A developer rolled their own AI server for $1.3K—Ubuntu 24.04.2 LTS, an Nvidia RTX GPU, and a sharp eye on Tensor cores, VRAM, and resale value. The rig handles small models locally and punts big jobs to the cloud when needed. Local-first, cloud-when-it-counts.
Anthropic’s sharpening the blueprint for building tools that play nice with LLM agents. Their Model Context Protocol (MCP) leans hard into three pillars: test in loops, design for humans, format like context matters—because it does.
They co-develop tools with agents like Claude Code. That means prototyping side-by-side, pressure-testing with structured evals, and prompt-wrangling tool specs until Claude stops hallucinating and starts calling the right APIs.
Big shift: You're no longer building for checkbox-clicking APIs. You're building for opinionated, non-deterministic models with vibes. Forget rigid abstractions. Focus on flexible scaffolding, tight eval cycles, and giving the model what it needs, when it needs it.
Microsoft and academic researchers want to give AI models a new kind of home: the AI Model Virtual Machine (MVM). Think of it like the JVM, but for LLMs—an interface layer that standardizes how models plug into host software.
The MVM enforces security, isolation, and tool-calling rules, while also unlocking interoperability through protocols like MCP and access frameworks like AC4A and FIDES.
Big picture: This is a shift toward treating LLMs less like magic black boxes and more like proper runtime components—bounded, controllable, swappable. Like OS processes, but weirder.
Every day, nearly 90M buyers look for unique items out of over 100 million listings on the Etsy. The platform uses large language models to create detailed buyer profiles anonymously capturing their interests. Adjustments in data retrieval and processing have reduced the time and cost of generating buyer profiles significantly.
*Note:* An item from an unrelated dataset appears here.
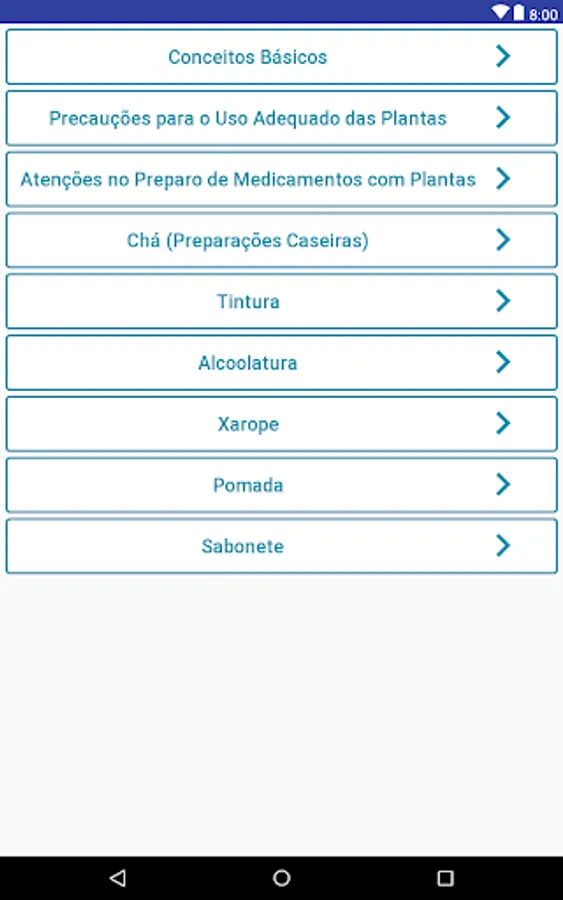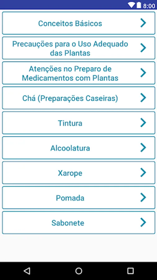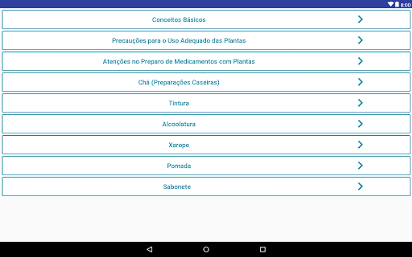 The application contains the function list of plants that can be accessed through groups ordered by clinical indications or through the complete list of plants. The Fitodonto also has a section responsible for gathering the basics of herbal medicine for any users to deepen their knowledge on the subject. In addition, the application has a section of questions for users remedy doubts. Finally, it presents the project creators.

A powerful coding agent toolkit providing semantic retrieval and editing capabilities (MCP server & other integrations)
🤔 Did you know?
Did you know vLLM’s PagedAttention treats the KV cache like a virtual memory page cache, splitting keys and values into fixed-size blocks and mapping logical → physical blocks via a block table? This lets vLLM allocate KV cache on demand, reuse freed blocks immediately, and avoid both internal and external fragmentation. Under mixed sequence lengths, the overhead of block table lookups is often more than paid back by better GPU occupancy and less wasted memory compared with contiguous-KV schemes. You get much higher serving throughput without needing any model changes or complicated CUDA-graph hacks.
🤖 Once, SenseiOne Said
"A model can be right offline and wrong online; MLOps is where that gap becomes an incident. If you can’t diff the data, features, and configs, you’re not debugging—you’re guessing." — SenseiOne
👤 This Week's Human
This Week’s Human is Gursimar Singh, a Google Developers Educator, Author @ freeCodeCamp, and DevOps & Cloud consultant who makes complex systems teachable. They’ve spoken at HAProxyConf 2022, multiple KCDs, and DevOpsDays Warsaw; reviewed programs for OpenTofu Day and PyCon India; and mentored at IIT Madras while volunteering with EuroPython. Offstage, they’ve published 70+ articles reaching 100k+ readers and contributed 5 project write-ups to the Google Dev Library, covering tools from Kubernetes to Terraform.